◆ Exercise description ◆
Nothing but the lines from the first line of the records through the line with "Ideal for mounting" should be output, exactly as written and free of pictures.

◆ Records for the task ◆

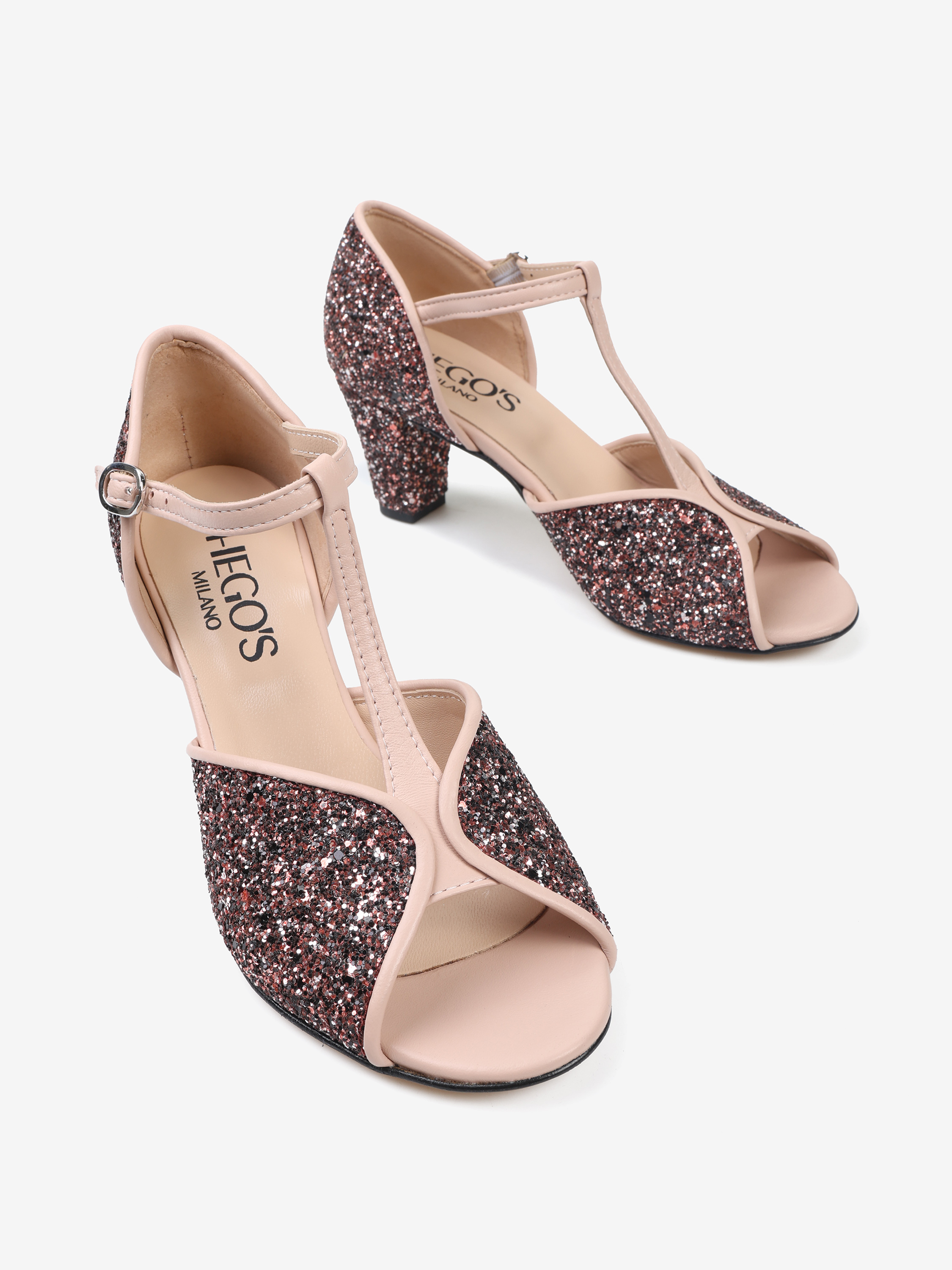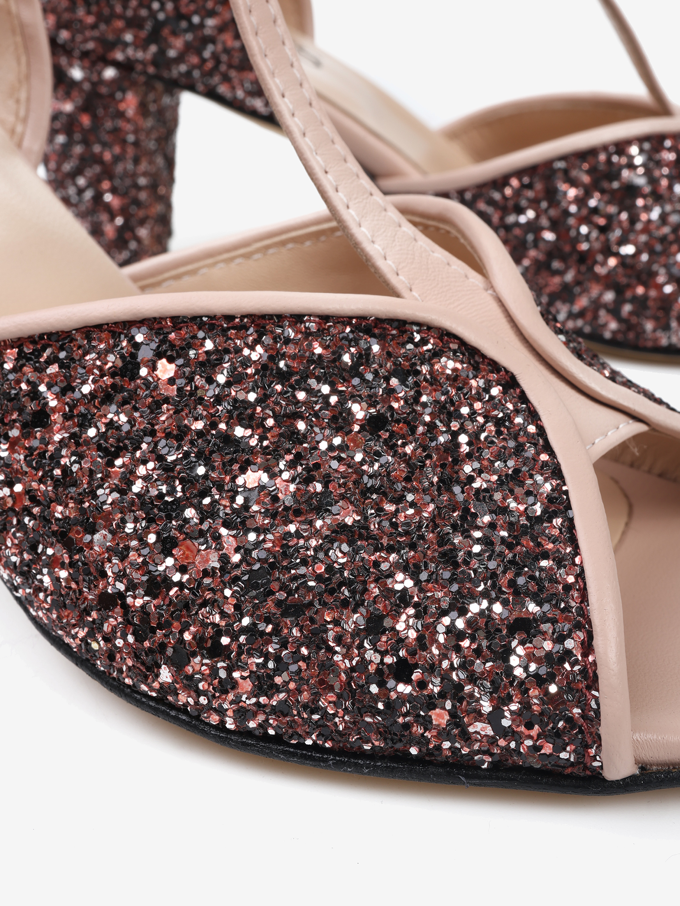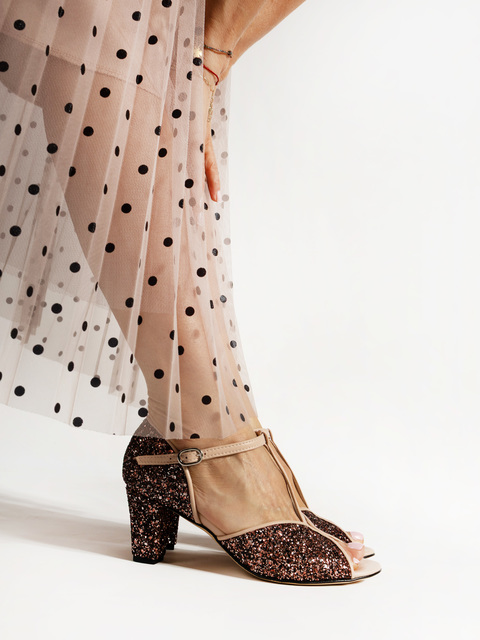 Czółenka peep toe z paskiem na podbiciu i regulowanym zapięciem na kostce. Wykończone gruboziarnistym brokatem.
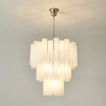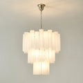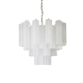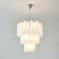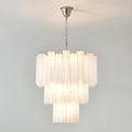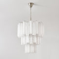 The Frosted Mist Chandelier features elegant, misty white glass panels that cascade in a multi-tiered design, reminiscent of soft, drifting clouds. The frosted, haze-like finish on each glass element adds a layer of subtle sophistication, diffusing light gently to create a calm and serene atmosphere. With its sleek, modern design and muted, misty white color, this chandelier blends effortlessly into minimalist or contemporary spaces, making it perfect for living rooms, dining areas, or large open foyers. The Frosted Mist Chandelier is the ideal choice for those seeking an understated yet luxurious centerpiece that radiates elegance and tranquility.
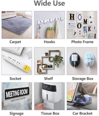 Ideal for mounting photo frames, décor items, organizers, cables, and small accessories, it adheres firmly to surfaces such as glass, metal, tiles, wood, and plastic.
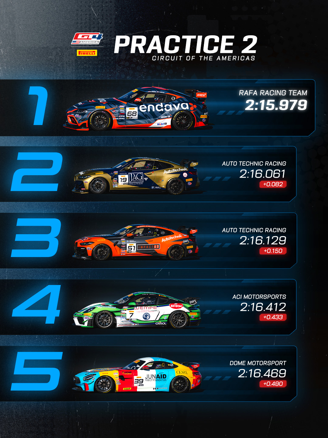 The Friday action at Circuit of The Americas concluded with Practice 2 in Pirelli GT4 America, with a full field of machinery setting off into the sunset to perfect their setups ahead of tomorrow's Qualifying sessions and the three-hour Lone Star Enduro. RAFA Racing Team asserted their dominance yet again, with the Silver class pairing of Tyler Gonzalez and Westin Workman going quickest again in the No. 68 Toyota Gazoo Racing GR Supra GT4 EVO2. Second overall and first in the Pro-Am category was occupied by the No. 19 Auto Technic Racing BMW M4 GT4 (G82) EVO of Roland Krainz and Stevan McAleer, with the sister Silver class Auto Technic Racing entry of Francis Selldorff and Kevin Boehm in the No. 51 BMW M4 GT4 (G82) EVO claiming third overall. The quickest AM class car was the No. 36 BimmerWorld BMW M4 GT4 (G82) EVO of James Walker Jr. and James Clay.
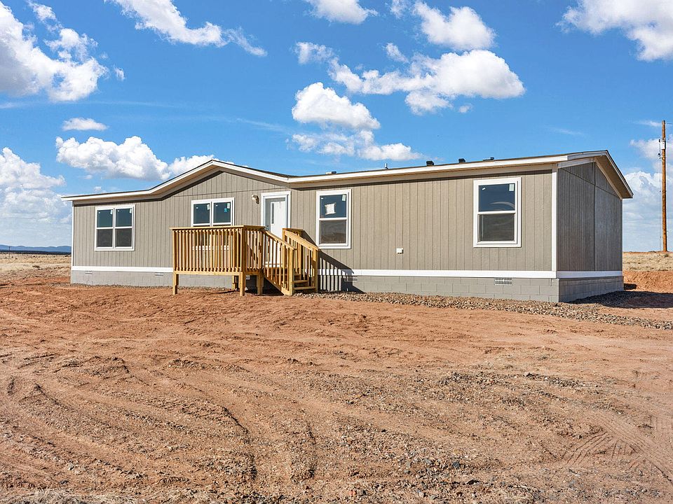 Discover this brand-new, budget-friendly Clayton Smart Energy home! Situated on 3 acres with a permanent FHA inspected foundation and painted cinder block skirting. Inside, you'll find 3 bedrooms, 2 bathrooms, and 2 spacious living areas within an open floor plan. The large kitchen boasts a center island, Energy Star appliances, and a smart thermostat for efficiency. Additional features include refrigerated air conditioning, vaulted ceilings with recessed lighting, and durable smart panel siding--plus, no carpet! The backyard is a blank canvas, ready for your vision of taking in the breathtaking views of the Manzano Mountains while embracing peaceful country living. This home qualifies for VA, FHA, USDA & Conventional loans and is move-in-ready with a 5-year extended manufacturer warranty!
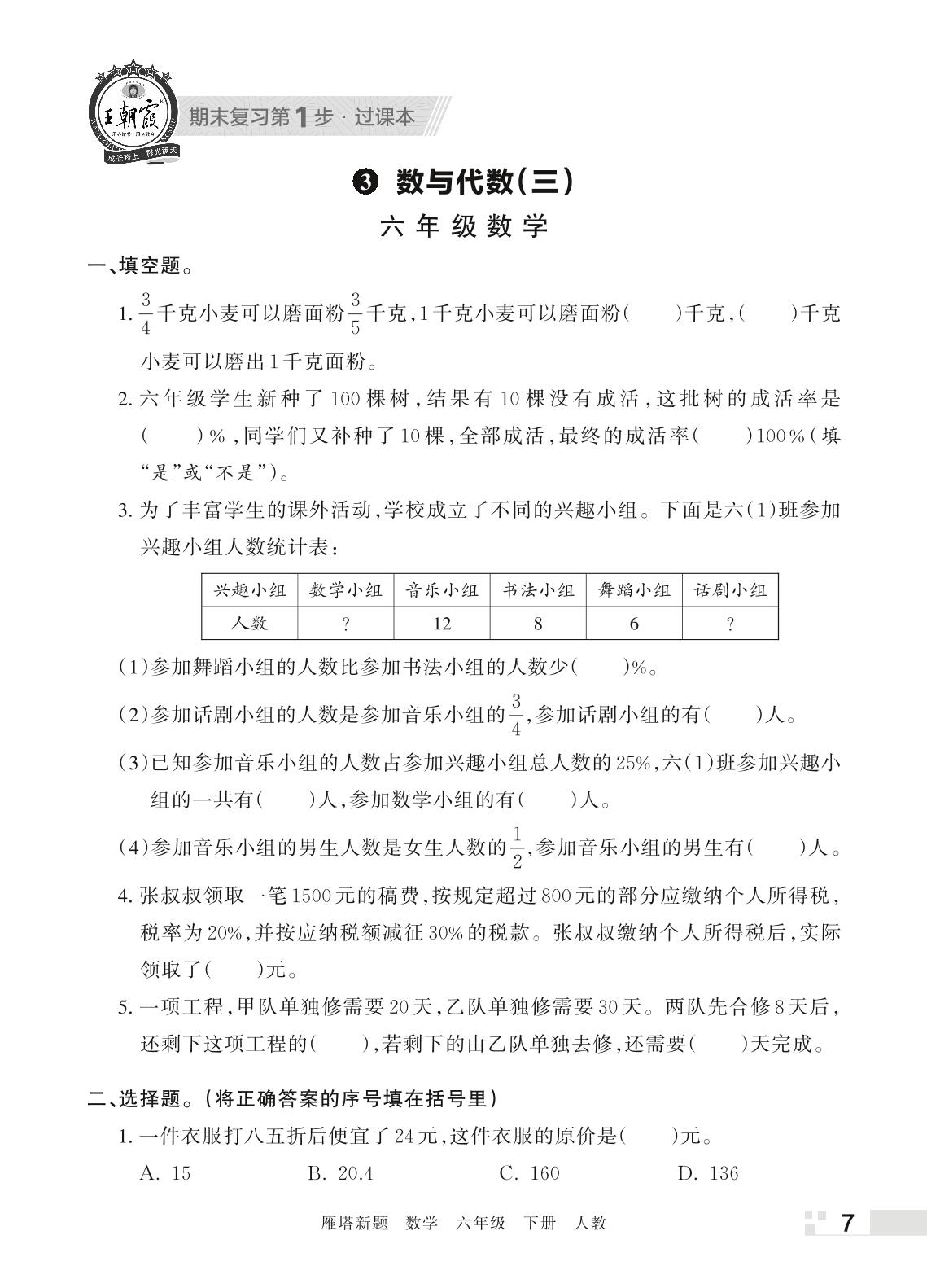王朝霞期末过课本——3 数与代数(三)六年级下册数学(人教版)_R220330090345944

◆ Result ◆
 Czółenka peep toe z paskiem na podbiciu i regulowanym zapięciem na kostce. Wykończone gruboziarnistym brokatem.
 The Frosted Mist Chandelier features elegant, misty white glass panels that cascade in a multi-tiered design, reminiscent of soft, drifting clouds. The frosted, haze-like finish on each glass element adds a layer of subtle sophistication, diffusing light gently to create a calm and serene atmosphere. With its sleek, modern design and muted, misty white color, this chandelier blends effortlessly into minimalist or contemporary spaces, making it perfect for living rooms, dining areas, or large open foyers. The Frosted Mist Chandelier is the ideal choice for those seeking an understated yet luxurious centerpiece that radiates elegance and tranquility.
 Ideal for mounting photo frames, décor items, organizers, cables, and small accessories, it adheres firmly to surfaces such as glass, metal, tiles, wood, and plastic.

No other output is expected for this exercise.